Wed Jan 22 14:20:06 CET 2020

Hello Antoine,

Your findings mirror what I found in some benchmark work that I did in
2018. investigating whether SMT/hyper-threading increases performance and
also quantifying the impact of memory speed on Ryzen 2000-series CPUs and
the Spectre/Meltdown mitigations on older Ivy Bridge Intel CPUs.

You can read the results here at
https://1drv.ms/b/s!Al3r4ajL5Z4jkLs7LVyGSI_MmA-uzg, but the most relevant
part for your work is that I performed this study by disabling ROOT output
to truly see whether SMT/hyper-threading could allow for performance
increases beyond the number of physical CPU cores in the system. In short,
the simulation time stayed relatively constant (ie. no performance
improvement) when moving beyond the number of physical cores. I saw similar
performance when using a RAM disk as well, but did not use it for my
testing since I was also testing the performance difference of different
RAM speeds.

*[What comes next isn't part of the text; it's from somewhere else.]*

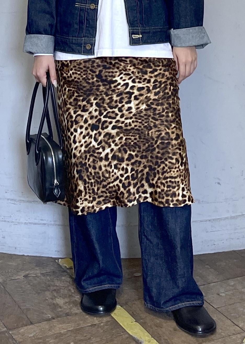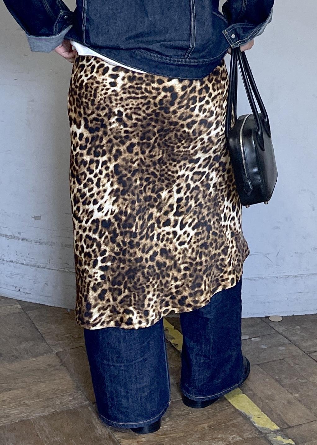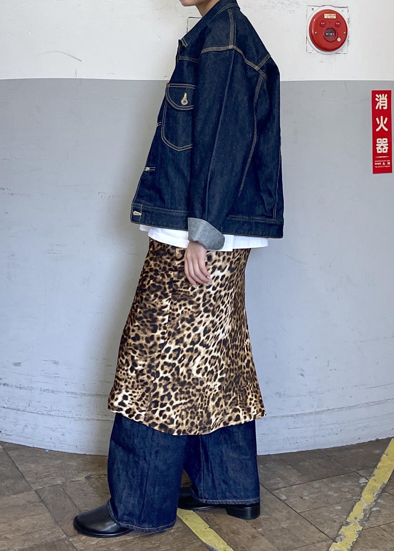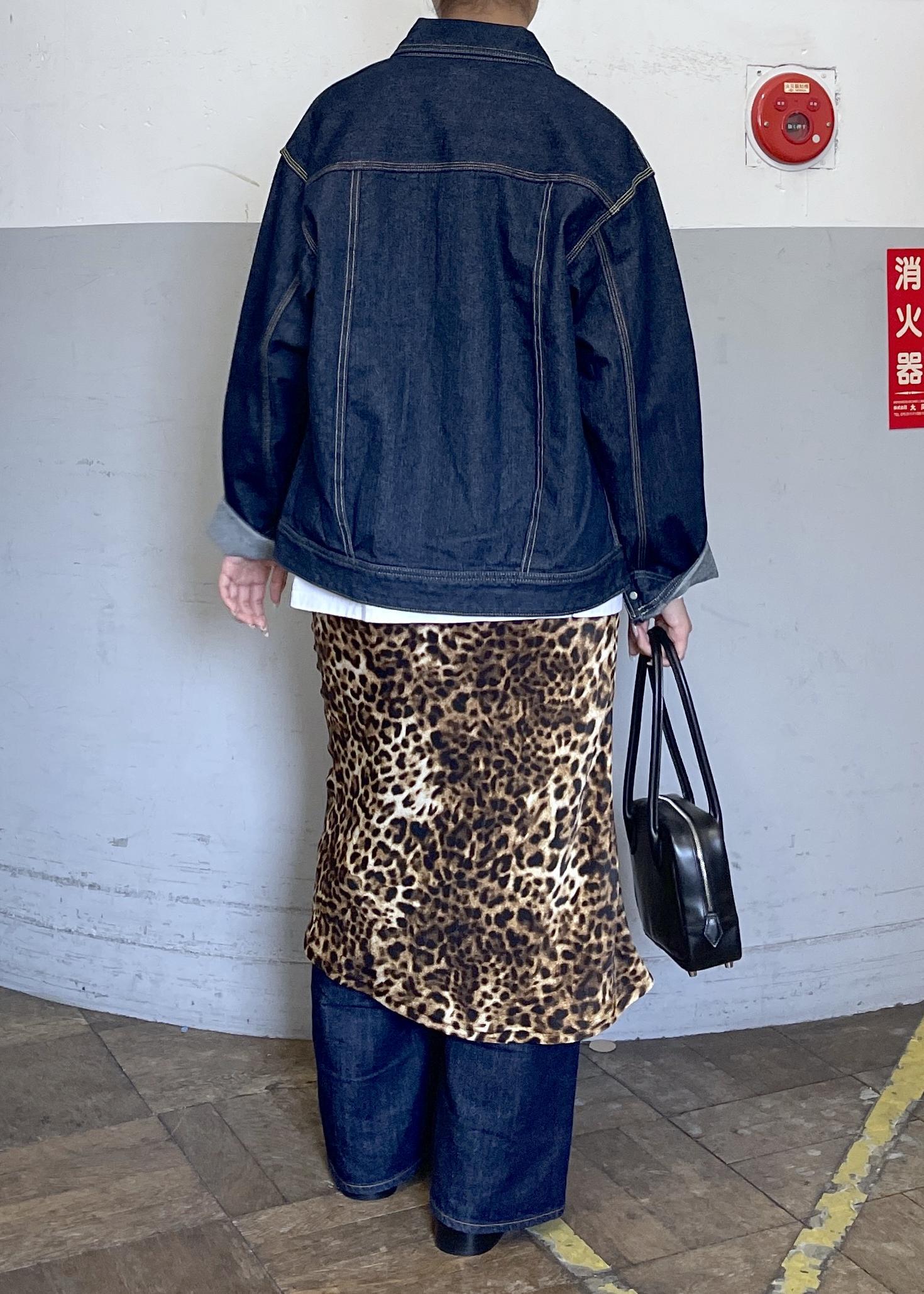 今回はデニムジャケットとストレートデニムのカジュアルな組み合わせに、レオパード柄のスカートを重ねることで、一気に個性が引き立つコーディネートです。

Since the IO burden of a GATE simulation can be quite high (as
you've seen), that would have affected my results of testing the RAM (and
thus Infinity Fabric) speed on computation time.

One finding that I did not include in the report was a plot of how
simulation time changed when using a mechanical hard drive (2 TB Seagate
Barracuda). I've attached a .PNG file showing the actual simulation times
plotted alongside the ideal simulation time (ie. an integer division of the
single-thread simulation time divided by the number of threads used), and
in my case the simulation time started INCREASING as soon as I moved beyond
five threads. This was on a six-core/twelve-thread Ryzen 5 2600X with
DDR4-3200 memory. You may also note that the single-thread simulation time
was closer to sixty minutes, versus the 38 minutes seen when using a RAM
disk.

So, to summarize, you have two possible paths forward to decrease your
simulation times. I would highly recommend investing in a solid-state drive
for your workstation, such as a Samsung 860 EVO or even something faster.
That would dramatically decrease the simulation times, since not only is
the SSD much faster than a mechanical hard drive it can also read/write to
multiple sectors of the drive without needing to wait for the physical disk
platter to spin around again; this shows up especially well on massive
workloads. Anandtech's "Bench" review database shows this remarkably well;
I've set uup a pairing of a Samsung 860 EVO versus a Western Digital Black
7200 RPM HDD to show how gigantic the change can be (
https://www.anandtech.com/bench/product/2198?vs=2270).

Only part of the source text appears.